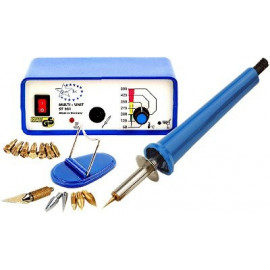 Completo di stazione con temperatura regolabile 50 - 500 gradi C. Pirografo potenza W 20 con supporto e 14 punte e stampi intercambiabili.
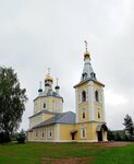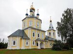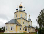 Будний день. С неба поливает. Небо низкое и тёмное. Большая ограждённая территория. Тщательно покошенная трава соседствует с грунтовыми проплешинами. Явный контраст с некоторыми соседними заросшими участками. И ни одной живой души ни на территории Храма, ни рядом. И Храм заперт. Рядом с калиткой висит расписание служб. Не часто, не каждый день. Хотя смотришь на эту приведённую в прекрасное состояние церковь и думается, что жизнь здесь должна бурлить... Не бурлит...
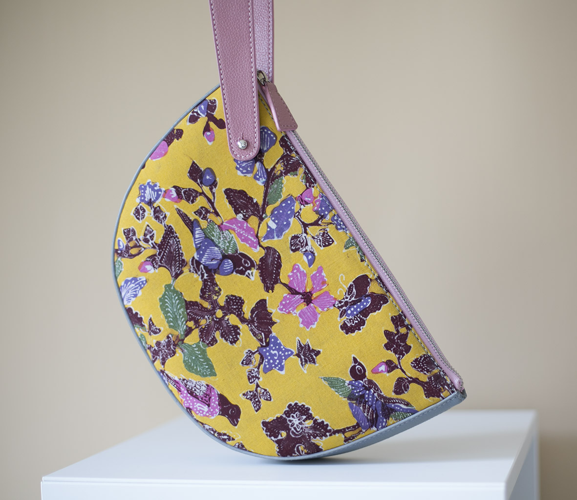 Hand painted batik bag by local artisan in Lasem, Central Java, Indonesia. The pattern with birds and flowers represents the long history of Javanese and Chinese culture and Lasem city is regarded as one of the most celebrated batik producer in Indonesia.
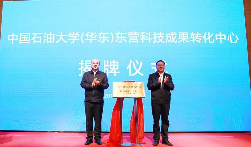 操应长与王晓军为中国石油大学(华东)东营科技成果转化中心揭牌
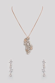Create a stunning and elegant look with our Rose Gold Finish Zircon Pendant Set In Sterling Silver. This gorgeous set includes a pendant and matching earrings, perfect for any special occasion or everyday wear. The pendant and earrings are made of high-quality sterling silver, giving them a luxurious and durable finish. The rose gold plating adds a touch of warmth and glamour, making this set a must-have for any jewelry collection. The centerpiece of the set is a beautiful zircon stone, expertly cut and faceted to reflect light and sparkle from every angle. The zircon stone is known for its brilliance and durability, making it a popular choice for fine jewelry. Our pendant set is designed to complement any outfit, whether you're dressing up for a formal event or adding a touch of elegance to your everyday look. The set can be worn together for a coordinated look or separately to mix and match with other jewelry pieces. Each piece in the set is carefully crafted and inspected to ensure top quality and a flawless finish. The attention to detail and expert craftsmanship make this pendant set a truly special and one-of-a-kind piece. Add a touch of sophistication to your jewelry collection with our Rose Gold Finish Zircon Pendant Set In Sterling Silver. It also makes a thoughtful and timeless gift for a loved one on any occasion.

* About this exercise:
Transcribe, from the material above, the stretch starting at the line with "Будний день. С" and ending at the line with "操应长与王晓军为中国石油大学(华东)东营科技成果转化中心揭牌", both included, exactly. Do not carry over pictures.

* Task answer:
 Будний день. С неба поливает. Небо низкое и тёмное. Большая ограждённая территория. Тщательно покошенная трава соседствует с грунтовыми проплешинами. Явный контраст с некоторыми соседними заросшими участками. И ни одной живой души ни на территории Храма, ни рядом. И Храм заперт. Рядом с калиткой висит расписание служб. Не часто, не каждый день. Хотя смотришь на эту приведённую в прекрасное состояние церковь и думается, что жизнь здесь должна бурлить... Не бурлит...
 Hand painted batik bag by local artisan in Lasem, Central Java, Indonesia. The pattern with birds and flowers represents the long history of Javanese and Chinese culture and Lasem city is regarded as one of the most celebrated batik producer in Indonesia.
 操应长与王晓军为中国石油大学(华东)东营科技成果转化中心揭牌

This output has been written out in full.